-- Dataset records --
****************

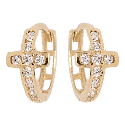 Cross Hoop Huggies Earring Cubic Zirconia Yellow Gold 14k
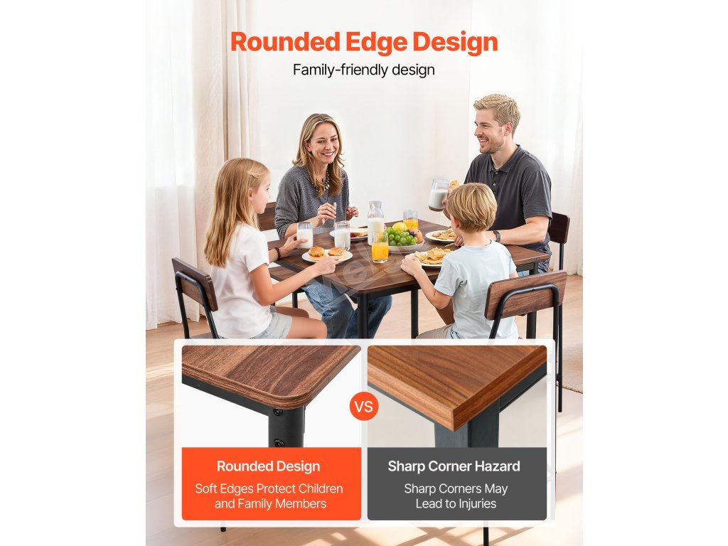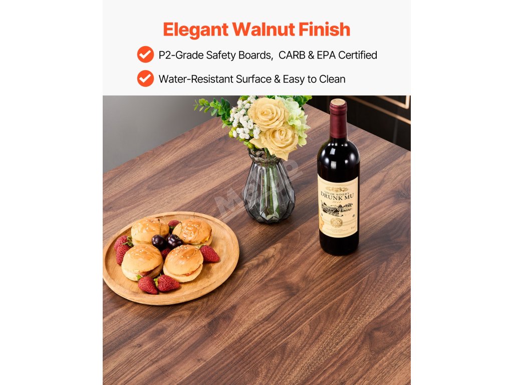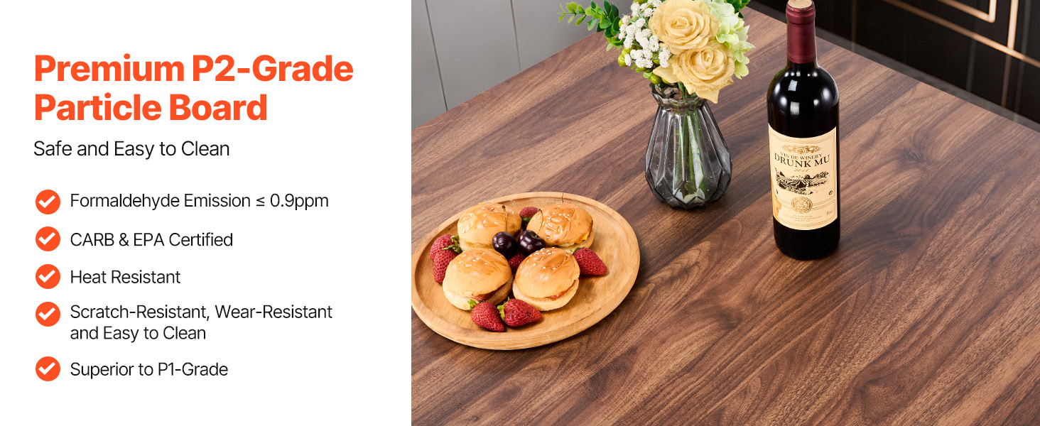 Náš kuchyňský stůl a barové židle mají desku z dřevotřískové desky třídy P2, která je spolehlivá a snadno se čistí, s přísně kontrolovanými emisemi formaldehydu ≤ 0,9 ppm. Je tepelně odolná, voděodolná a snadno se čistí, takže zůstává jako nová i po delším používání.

****************

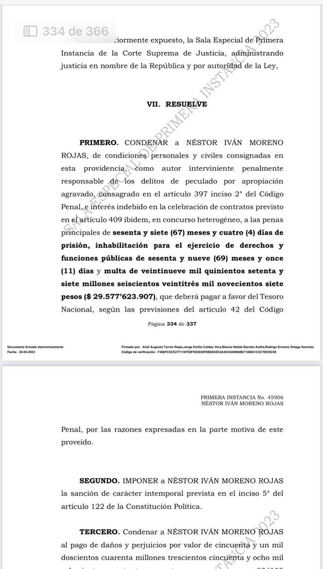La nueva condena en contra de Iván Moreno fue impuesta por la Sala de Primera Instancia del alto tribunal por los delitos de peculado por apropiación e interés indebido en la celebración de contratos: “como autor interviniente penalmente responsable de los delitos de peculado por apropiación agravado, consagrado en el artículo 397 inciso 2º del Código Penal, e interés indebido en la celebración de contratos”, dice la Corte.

****************

-- Task --
Print, exactly, each line above from the one with "Cross Hoop Huggies" to the one with "Náš kuchyňský stůl", end lines included. Leave pictures out of it.

-- Solution --
 Cross Hoop Huggies Earring Cubic Zirconia Yellow Gold 14k
 Náš kuchyňský stůl a barové židle mají desku z dřevotřískové desky třídy P2, která je spolehlivá a snadno se čistí, s přísně kontrolovanými emisemi formaldehydu ≤ 0,9 ppm. Je tepelně odolná, voděodolná a snadno se čistí, takže zůstává jako nová i po delším používání.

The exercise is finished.